Loans of taxpayer money syndicated to make it impossible to trace ownership were unreal. Syndication meant obfuscation.
Add to this a media 10-to-1 supporting his opposition candidate using the modern internet to tag funds from the least informed of the populace while supported by the brightest of Ivy League intellectuals we realize what a long shot McCain became.
Read Don Luskin’s Trend Macrolytics, LLC from June 2088 to present and discover the lies the Obama machine propagates. We are not in recession or headed for depression! Unemployment is not threatening. Productivity is rising. Business has readjusted to globalism. Protectionism is a fear, not a solution.
Obama on the other hand, with an Ivy League education, is enticed to Chicago by Saul Alinsky, a far left reformer. There he allied with Bill Ayers, founder of the Weathermen and the avowed terrorists of the 1960s, and financed by the Annenberg Foundation. As chairman, he renounced private education, even public, favoring instead courses in social activism and revolt in place of math, English, and science. He recently stated he would save workers but not shareholders! What a disaster for 401K holders. As chairman of the CAC, he claimed education must stoke resistance to the American system!
Obama, the Pericles of the left, is not mid-stream. He’s on the left bank.
McCain will make a lot of mistakes. He was wrong about short selling. He was wrong about drilling for oil. He was wrong about Chris Cox. He should praise George Bush for winning in Iraq and thank Paulson for saving the economy. The list goes on. But, his selection of Sarah Palin trumps all of his mistakes.
Palin captures the soul of America at its best. Love of family. Faith in church. Patriotism without exception. Truth in law rather than ACLU relativism. Belief in the men on the street, not the mob of the street. Absence of coalitions of gender, race or nationality.
If McCain/Palin sometimes fails on specifics, they bond on integrity and common sense. Against the smug self-righteousness of Yale, Harvard, Princeton intellectualism, comes the straight-from-the-shoulder, no nonsense pragmatism of the Teddy Roosevelt era.
McCain/Palin stand for change not to a new and more sophisticated socialism, but back to the democracy of our forebearers.
Let the commentators be damned. Obama is the Huey Long of twenty-first century politics. John McCain is the George Washington.

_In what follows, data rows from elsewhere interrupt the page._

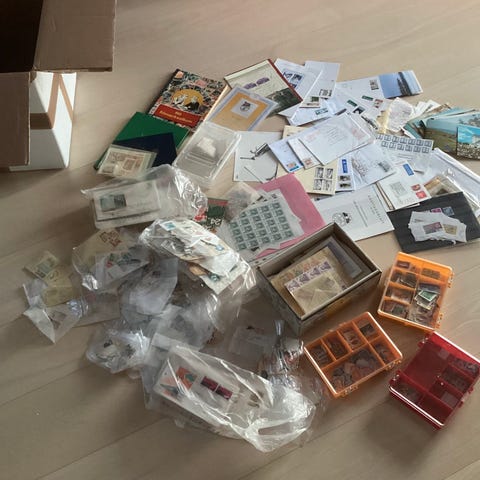 Spændende rodekasse med Norge samling i Stender fortryk album med rigtig mange mærker, dog uden de rigtig gamle mærker. 6 stk udvalgshæfter fra Island og Grønland. 16 siders indstiksbog med postfriske danske mærker. Årsbog fra Irland 1989-1990. Mange føstedagskurverter fra Danmark og Færøerne og meget mere.
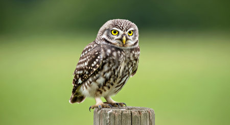 Charming Little Owl Perched Old Post Looking Camera Wildlife Portrait
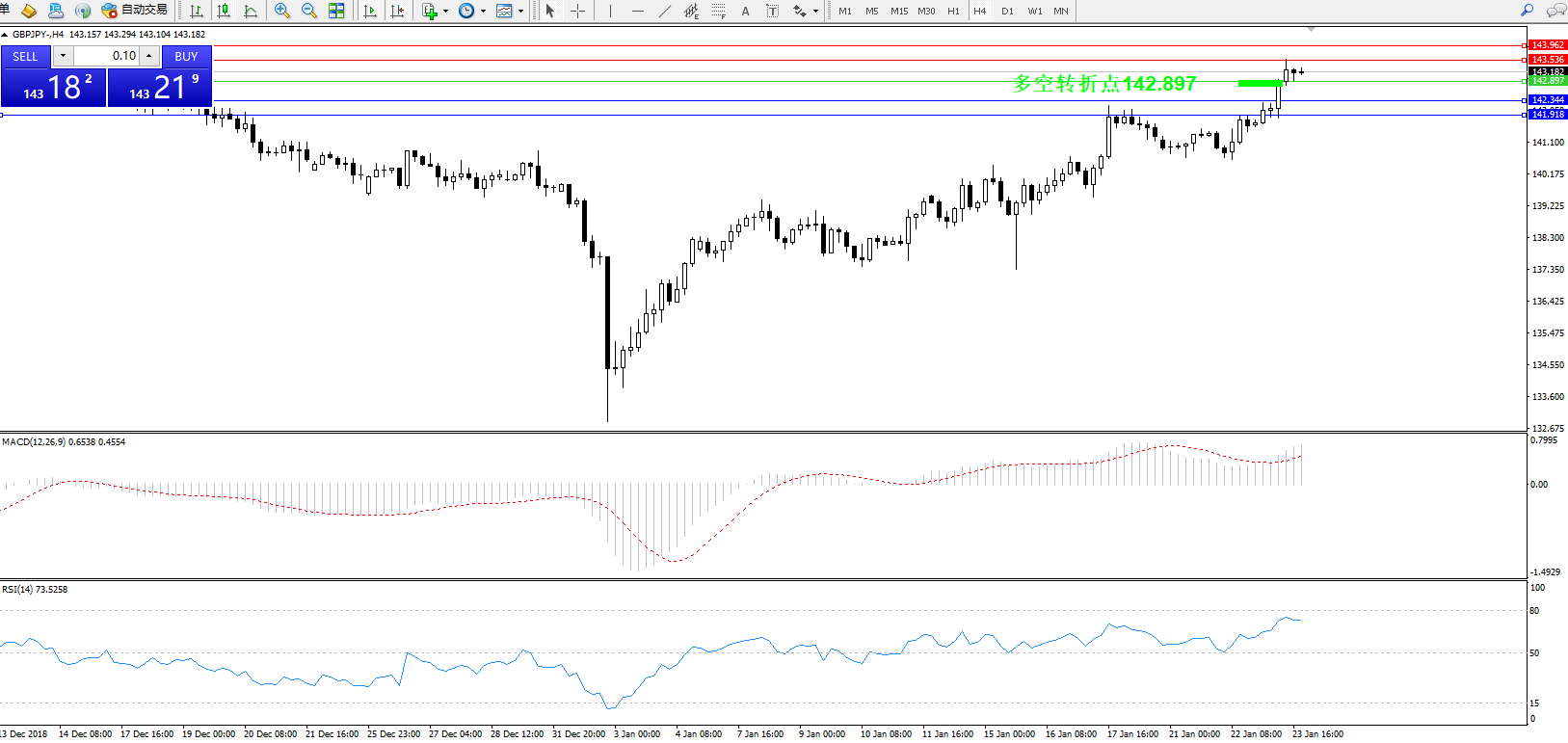 交易策略:142.897上方看涨,目标143.536、143.962

Monday, September 15, 2008

Oil, Obama & McCain

Obama would commit forces to Afghanistan and Pakistan. The Russians learned that Afghanistan cannot be tamed. Poppies are the cash crop, bought and processed worldwide by various mafia organizations. We should outbid the competition for poppies, and process them to create pain killers for our elderly. No battlefield casualties. If the Pakistani army cannot control its northern provinces, military intervention by the United States is wishful thinking. Would we bomb localities controlled by terrorists? Are we willing to accept the political risk?

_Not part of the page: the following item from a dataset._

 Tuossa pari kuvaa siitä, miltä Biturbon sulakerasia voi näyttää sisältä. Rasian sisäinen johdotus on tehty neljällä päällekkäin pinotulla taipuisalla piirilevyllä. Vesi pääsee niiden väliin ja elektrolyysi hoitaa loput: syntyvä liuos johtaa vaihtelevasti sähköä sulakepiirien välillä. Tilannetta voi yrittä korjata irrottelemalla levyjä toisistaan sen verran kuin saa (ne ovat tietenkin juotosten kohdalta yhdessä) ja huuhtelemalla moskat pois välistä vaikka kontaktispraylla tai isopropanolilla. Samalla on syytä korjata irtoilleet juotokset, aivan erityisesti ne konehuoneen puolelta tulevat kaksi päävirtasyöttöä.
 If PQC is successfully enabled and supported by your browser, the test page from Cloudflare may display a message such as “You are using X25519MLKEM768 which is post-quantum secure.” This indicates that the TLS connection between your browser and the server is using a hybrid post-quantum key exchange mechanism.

Obama likes oil substitutes. Will he open the doors to Brazilian gasahol? The middle east has cheap oil which they sell to intermediaries. The United States should grant offshore drilling rights, claiming ownership of the oil. That ownership is then sold to the drillers and marketers.

Our oil industry grew by generous depletion allowances. Our cattle industry grew by generous depreciation allowances. These tax breaks from a friendly government drew in the capital necessary for these industries to grow.

What is the point of clean energy in the United States when Russia, China, India, and the rest of the world burn oil? To control the price of oil we must be the world's largest source. Ban ethanol--embrace Brazilian gasahol. Let free markets work. Substitutes must compete on a price basis.

Obama, like Stalin who nationalized agriculture, can only create shortages. Free markets will work if the environmentalists can be tamed!

McCain/Palin affirm reality. They deny the dreams and claims of neophytes who ask for our votes so they can speculate on solutions they cannot define. McCain/Palin know that only cheap oil can draw entrepreneurial capital for substitutes. That is the reality--a reality the media cannot accept.